Task instructions |
Leaving out all images, write out the records that follow exactly.

** Opening Data section block **

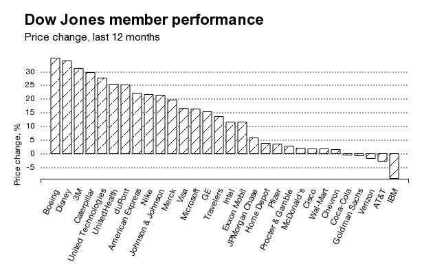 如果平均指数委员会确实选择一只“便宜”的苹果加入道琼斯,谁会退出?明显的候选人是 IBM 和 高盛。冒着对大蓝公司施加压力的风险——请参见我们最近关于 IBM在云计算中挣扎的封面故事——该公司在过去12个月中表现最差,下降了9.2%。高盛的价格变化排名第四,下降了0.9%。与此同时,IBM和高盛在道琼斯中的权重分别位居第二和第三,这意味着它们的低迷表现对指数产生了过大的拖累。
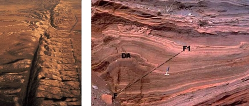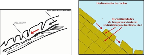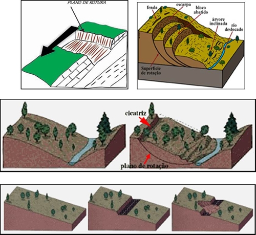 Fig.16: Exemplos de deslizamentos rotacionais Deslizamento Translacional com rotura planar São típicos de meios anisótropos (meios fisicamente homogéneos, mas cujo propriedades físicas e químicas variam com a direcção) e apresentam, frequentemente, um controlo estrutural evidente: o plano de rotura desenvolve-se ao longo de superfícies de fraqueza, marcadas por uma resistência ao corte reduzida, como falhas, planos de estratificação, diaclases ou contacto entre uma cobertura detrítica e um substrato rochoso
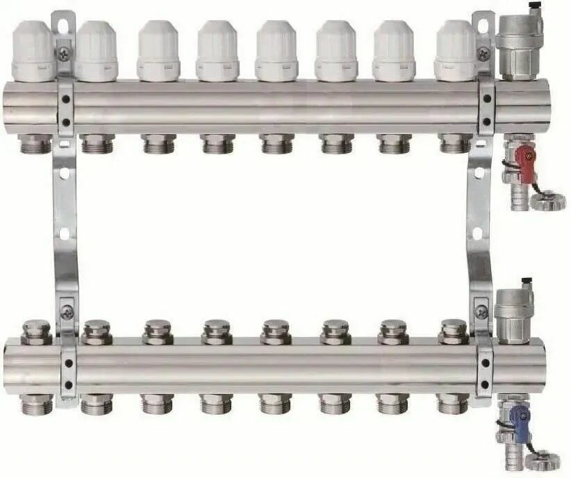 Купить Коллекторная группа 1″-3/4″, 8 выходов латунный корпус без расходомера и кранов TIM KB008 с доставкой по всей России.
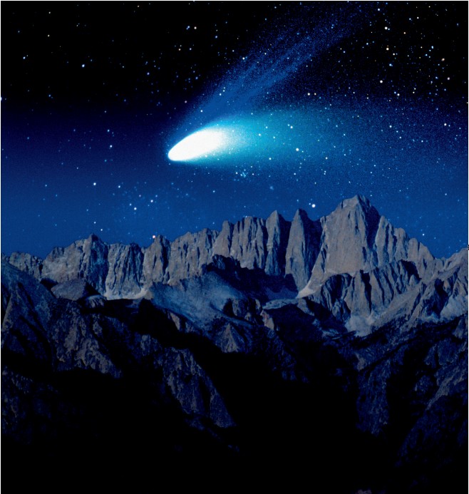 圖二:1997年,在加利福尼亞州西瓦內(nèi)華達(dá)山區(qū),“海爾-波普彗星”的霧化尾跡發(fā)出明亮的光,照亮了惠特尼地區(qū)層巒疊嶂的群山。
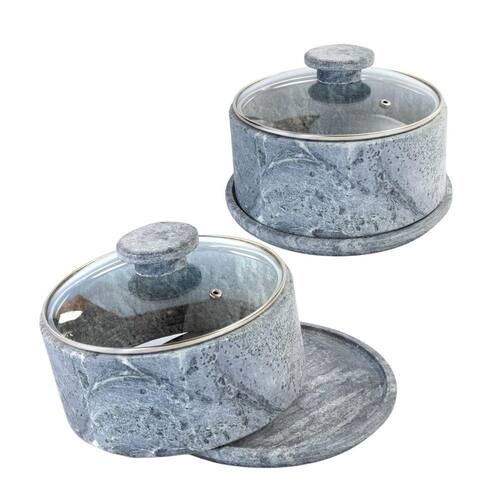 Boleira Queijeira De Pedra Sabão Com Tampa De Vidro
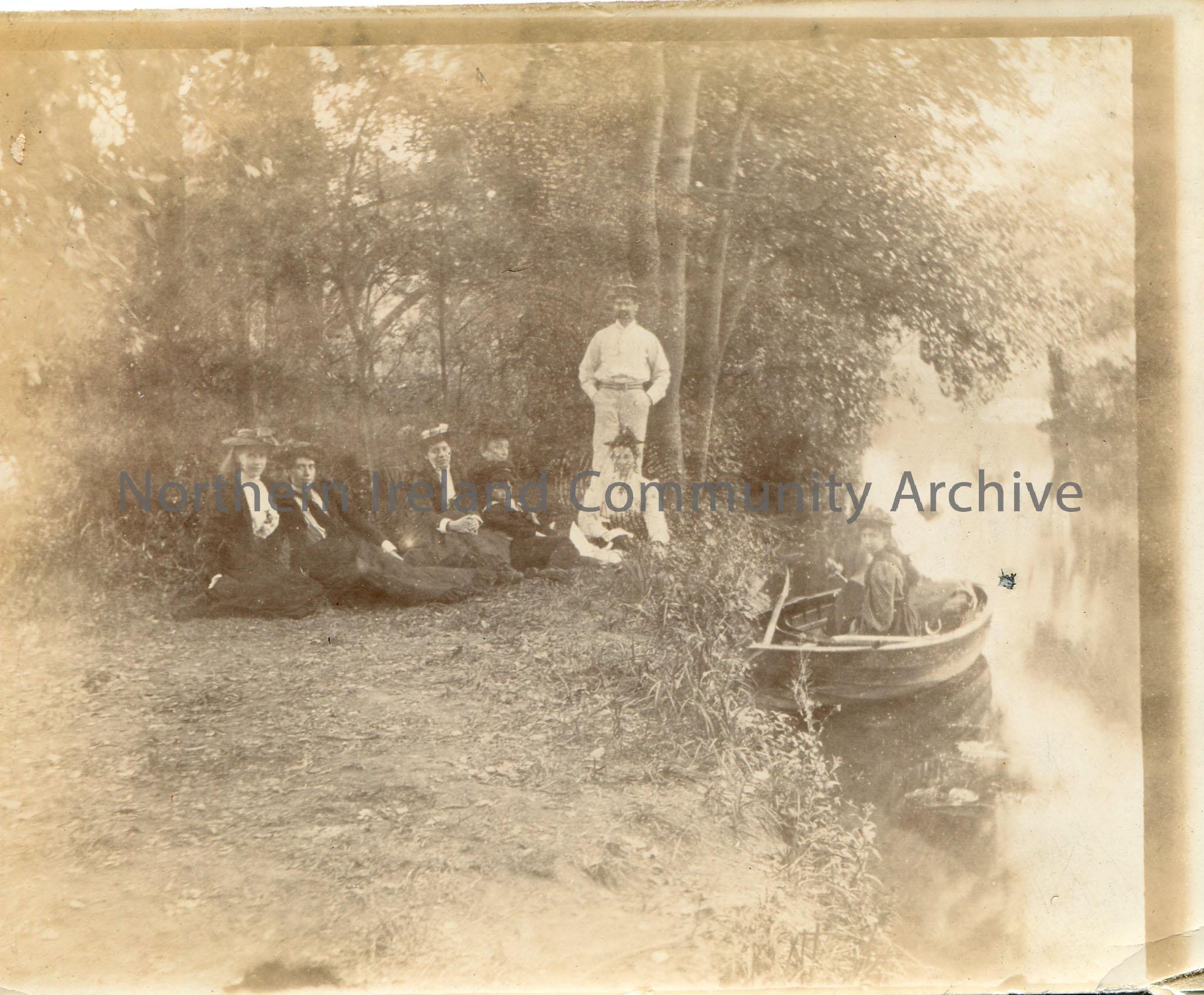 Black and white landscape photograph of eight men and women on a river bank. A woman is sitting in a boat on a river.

** Closing Data section block **

Answer to this exercise |
 如果平均指数委员会确实选择一只“便宜”的苹果加入道琼斯,谁会退出?明显的候选人是 IBM 和 高盛。冒着对大蓝公司施加压力的风险——请参见我们最近关于 IBM在云计算中挣扎的封面故事——该公司在过去12个月中表现最差,下降了9.2%。高盛的价格变化排名第四,下降了0.9%。与此同时,IBM和高盛在道琼斯中的权重分别位居第二和第三,这意味着它们的低迷表现对指数产生了过大的拖累。
 Fig.16: Exemplos de deslizamentos rotacionais Deslizamento Translacional com rotura planar São típicos de meios anisótropos (meios fisicamente homogéneos, mas cujo propriedades físicas e químicas variam com a direcção) e apresentam, frequentemente, um controlo estrutural evidente: o plano de rotura desenvolve-se ao longo de superfícies de fraqueza, marcadas por uma resistência ao corte reduzida, como falhas, planos de estratificação, diaclases ou contacto entre uma cobertura detrítica e um substrato rochoso
 Купить Коллекторная группа 1″-3/4″, 8 выходов латунный корпус без расходомера и кранов TIM KB008 с доставкой по всей России.
 圖二:1997年,在加利福尼亞州西瓦內(nèi)華達(dá)山區(qū),“海爾-波普彗星”的霧化尾跡發(fā)出明亮的光,照亮了惠特尼地區(qū)層巒疊嶂的群山。
 Boleira Queijeira De Pedra Sabão Com Tampa De Vidro
 Black and white landscape photograph of eight men and women on a river bank. A woman is sitting in a boat on a river.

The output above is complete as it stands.